Arun Kumar Srivastava
Department of Neurosurgery, Sanjay Gandhi Postgraduate Institute of Medical Sciences, Lucknow, Uttar Pradesh, India.
DOI:10.25259/SNI_425_2020Copyright: © 2020 Surgical Neurology International This is an open-access article distributed under the terms of the Creative Commons Attribution-Non Commercial-Share Alike 4.0 License, which allows others to remix, tweak, and build upon the work non-commercially, as long as the author is credited and the new creations are licensed under the identical terms.
How to cite this article: Suyash Singh1, Arun Kumar Srivastava2, Sanjog Gajbhiye2, Kamlesh Singh Bhaisora2, Awadhesh Kumar Jaiswal2, Sanjay Behari2. Venous corridors in gravity-assisted retractor-less occipito-transtentorial approach – Our experience of an avenue through the tentacles of pod. 18-Nov-2020;11:399
How to cite this URL: Suyash Singh1, Arun Kumar Srivastava2, Sanjog Gajbhiye2, Kamlesh Singh Bhaisora2, Awadhesh Kumar Jaiswal2, Sanjay Behari2. Venous corridors in gravity-assisted retractor-less occipito-transtentorial approach – Our experience of an avenue through the tentacles of pod. 18-Nov-2020;11:399. Available from: https://surgicalneurologyint.com/?post_type=surgicalint_articles&p=10402
Background: Occipital transtentorial approach for selected posterior third ventricular or retrosplenium region tumors provides an ergonomic and safe access. Over centuries, the opponents of this approach highlight the problem of postoperative visual field defect, related to the retraction of occipital lobe. The aim was to describe the surgical nuances of gravity-assisted retractor-less occipital-transtentorial approach (GAROTA) as a modification of originally described GAROTA to minimize the complications with a similar ease of surgery.

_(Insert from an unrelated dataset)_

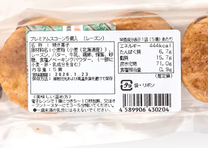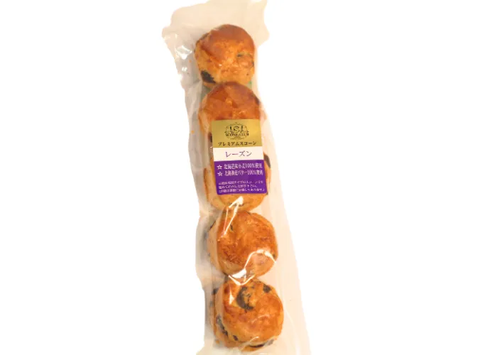 | 原材料名 | 小麦粉(小麦(北海道産))、レーズン、バター、牛乳、鶏卵、蜂蜜、砂糖、食塩/ベーキングパウダー、(一部に小麦・卵・乳成分を含む) |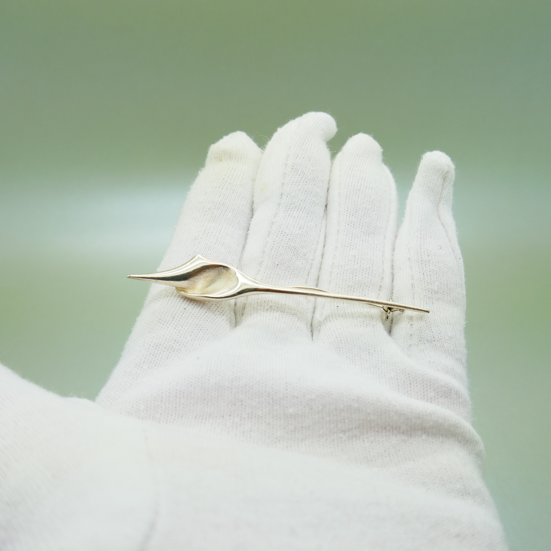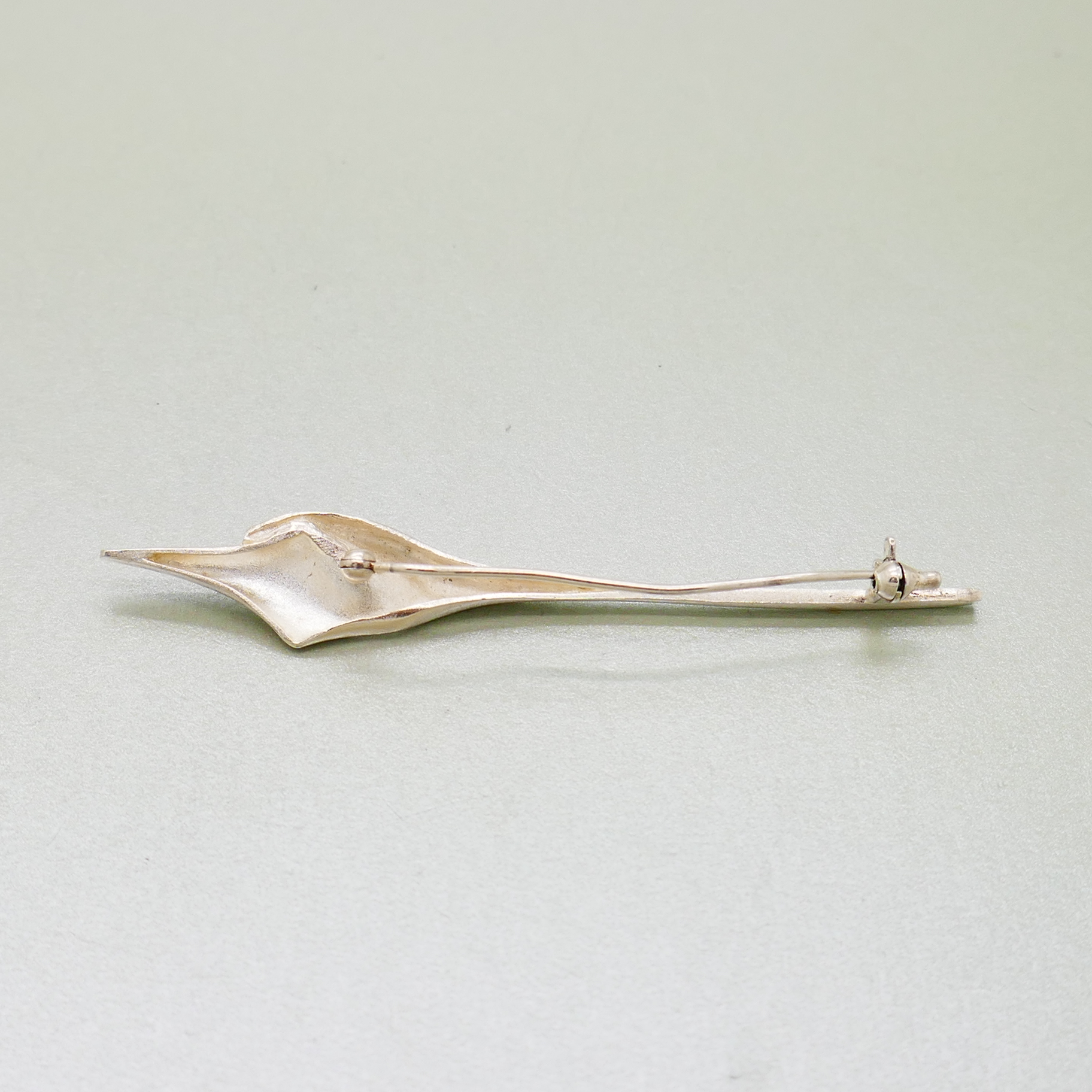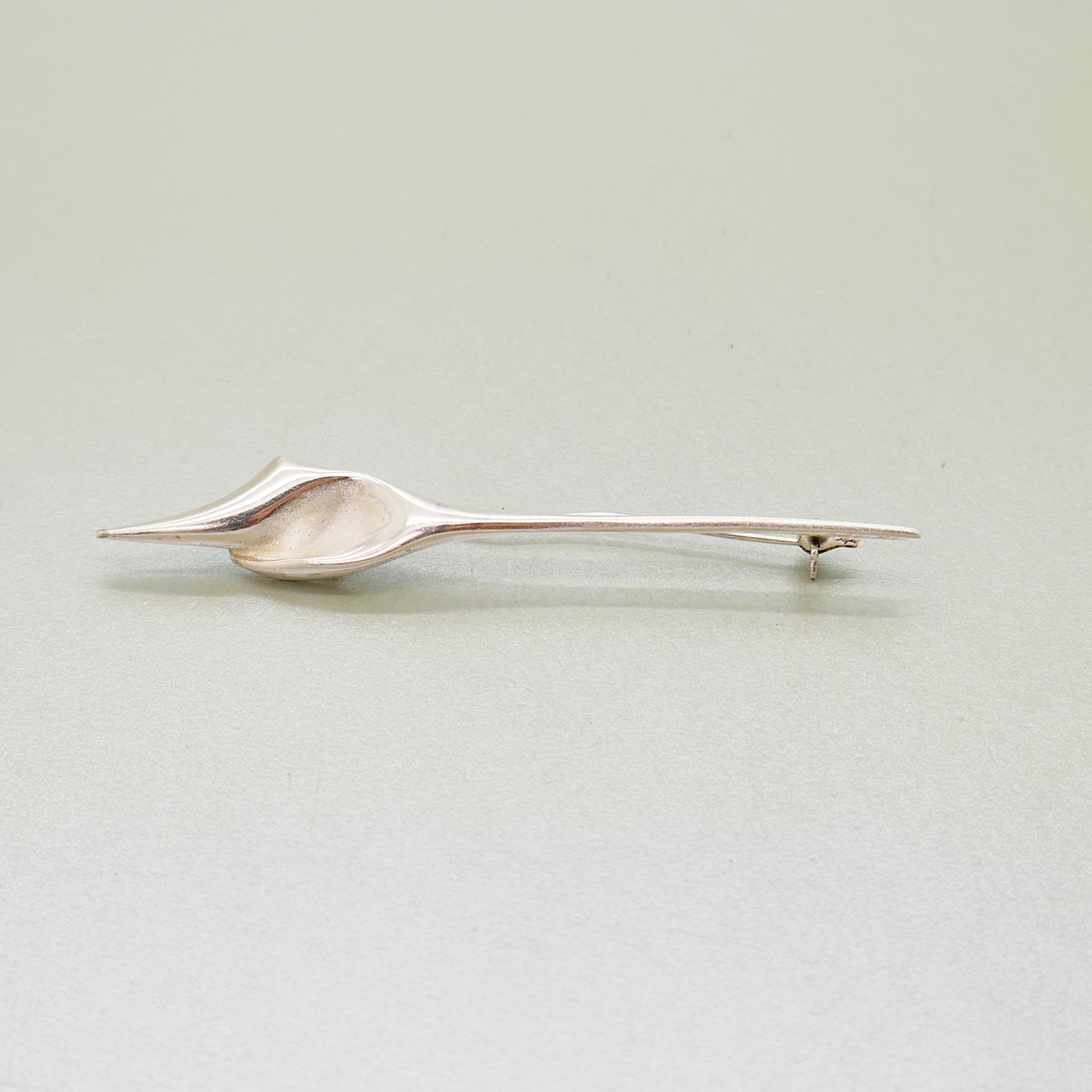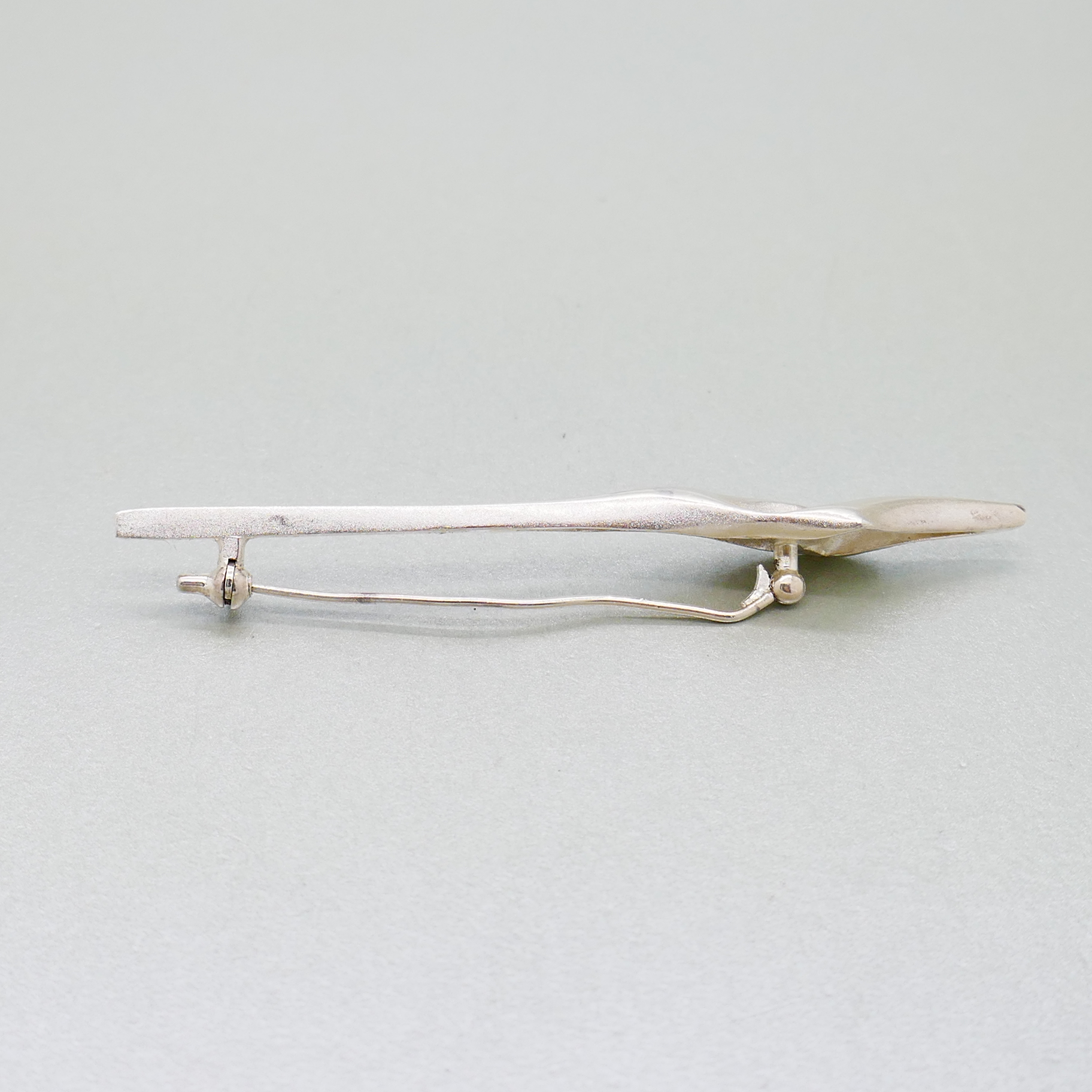 Een vintage zilveren broche van de bekende ontwerper Matti J Hyvärinen. Matti Hyvärinen (1937-2017), sieraadkunstenaar en goudsmid, heeft diverse internationale prijzen gewonnen. Hij heeft o.a. ontworpen voor de firma Sirokoru. Deze broche toont een gestileerde toorts, mogelijk een Olympische vlam. De broche is gesigneerd met handtekening, MJH en 925S

Methods: In this study, we have retrospectively analyzed our prospectively maintained surgical databases of patients operated by occipito-transtentorial from 2015 to 2019. Demographic variables, preoperative and postoperative neurological deficits (especially visual field defect) were analyzed. Radiological data included relation of veins with tumor, presence of hydrocephalus, size, and extent of lesion.
Results: Fifteen patients underwent GAROTA (right-sided extension, n = 7; left-sided extension, n = 4; and midline lesions, n = 4). Headaches (73.3%) and diplopia (40%) were the most common symptoms. No patient had any postoperative visual deficits in both short-term and long-term follow-up.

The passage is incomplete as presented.